Le créatif pense qu'avec ses deux idées griffonnées sur un sous-bock de bière, il peut passer sa journée de taf à lire des magazines. Le commercial pense qu'avec son costard Paul Smith, il peut passer sa journée à faire du téléphone rose au lieu de faire sa reco. Le créatif pense que le commercial n'entrave pas vraiment la puissance du concept qu'il vient de torcher et qu'il lui faudrait lui élargir le cerveau au popper's pour qu'il en perçoive le début d'un petit bout. Le commercial pense qu'il pourrait la faire lui même la créa franchement. Le créatif pense que ce brief pue comme un vieux fenec. Le commercial pense que c'est le créatif, avec son jeans et ses shoes cradingues, qui pue comme un vieux fenec. Le créatif pense qu'il faudrait faire le shooting à Saint-Barth. Le commercial pense que, ouais, il faudrait faire le shooting à Saint-Barth mais que c'est lui qui ira. ==> Donc c'est la guerre.
4. La guerre contre les stagiaires
Dans la com', les stagiaires ne sont pas là pour bosser ou pour apprendre. Ils sont là pour frimer. Ils sont dans la com', tu vois. C'est hype, ça le fait. Ca permet de brancher des meufs en boîte et mettre des baskets à 200 euros au boulot.
Alors ça arpente les couloirs pour se mater les looks déchirés et les coupes au gel des uns des autres. Ca se fume des tarpés avec les créatifs. Ca surfe ou ça se mate des campagnes à donf pour se faire une culture, tu piges. Mais ça branle rien. Ah si des fois, ils te font un paperboard avec leurs pieds.
Et puis, le stagiaire de com' est jeune, bien gaulé, sexy. Il se fringue funky-boy ou pétasse. Il te fait monter la température jusqu'à l'équatorial.
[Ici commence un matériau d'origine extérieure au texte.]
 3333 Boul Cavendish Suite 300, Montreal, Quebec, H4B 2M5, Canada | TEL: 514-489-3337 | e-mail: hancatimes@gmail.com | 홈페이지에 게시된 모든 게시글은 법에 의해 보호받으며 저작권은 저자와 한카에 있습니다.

Mais le stagiaire de com' est trop cool pour se faire limer en vitesse le soir sur la photocopieuse. D'autant plus que le soir justement, il sort. Pendant que toi tu restes finir son taf. Ben quoi ? Il faut bien qu'il raconte qu'il est dans la com', non ? ==> Donc c'est la guerre.
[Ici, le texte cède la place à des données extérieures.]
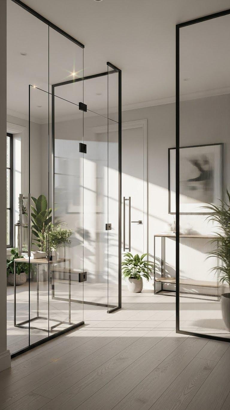 When you bring glass into the entry, it opens sightlines and lets light do the decorating for you—transparency feels modern and effortless while still defining zones.

5. La guerre contre tes amis
Ton blème, c'est que même sorti du taf, c'est pas fini. Tu dois aussi te fritter tes potes. "T'as vu le dernier spot Patzy et Frizzie qui déchire ?", ; "Et qu'est ce que t'en penses de la campagne de Plouc Cie ?" "Et c'est toi qui l'a fait cette affiche ? Non, parce que le concept est un peu merdique sur les bords", "Et ce site oueb là il est ringard, t'es pas d'accord ? Les couleurs on dirait chez ma grand-mère", "Et ce truc de marketing viral, ça va vraiment marcher là ? Y a des gens que ça intéresse ? Ah bon, j'aurais pas cru"
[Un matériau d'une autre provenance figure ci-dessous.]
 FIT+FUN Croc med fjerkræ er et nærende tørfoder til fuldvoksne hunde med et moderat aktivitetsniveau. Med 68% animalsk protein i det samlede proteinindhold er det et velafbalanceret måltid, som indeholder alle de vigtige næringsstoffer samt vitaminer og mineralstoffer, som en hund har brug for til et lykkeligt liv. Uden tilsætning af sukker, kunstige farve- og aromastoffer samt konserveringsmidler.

T'es jamais à l'abri. Toi, t'irais pas demander à un comptable ce qu'il pense du dernier rapport annuel de Peugeot non ? Alors qu'est ce qu'ils te prennent la tête ? Mais, c'est que la pub ça concerne tout le monde, mon gars. Tu leur pourris leurs séries avec tes coupures, tu leur niques leur sites webs avec tes bannières, alors ils se vengent les cocos. Ils en tiennent un de mec de la com' là, tu crois qu'ils vont le lâcher comme ça ? Tu vas en prendre pour ton grade jusqu'à la fin de la soirée. Et soit heureux de vivre à notre époque. Car le premier publicitaire, on l'a crucifié.
Et fatalement, ils vont dériver vers "mais au fait qu'est ce que tu fous à bosser là-dedans ?". Ouais, c'est vrai, ils ont fait la même école que toi tes poteaux, mais ils engrangent deux fois ton salaire à faire un job chiant où tu te sors à 6 heures. Alors là, c'est reparti sur le laius du boulot de merde où t'es exploité à brasser du vent et à prendre le consommateur pour le blaireau qu'il est. ==> Donc c'est la guerre.
Voilà, avec toutes ces guerres, vous êtes pas dans la mouise, mes cocos.
Ca vous a fait peur hein ? En tout cas, moi ça m'a bien foutu les balloches et j'suis bien content de faire un bizness de paix, un truc tranquille comme le consulting où franchement t'as que des amis.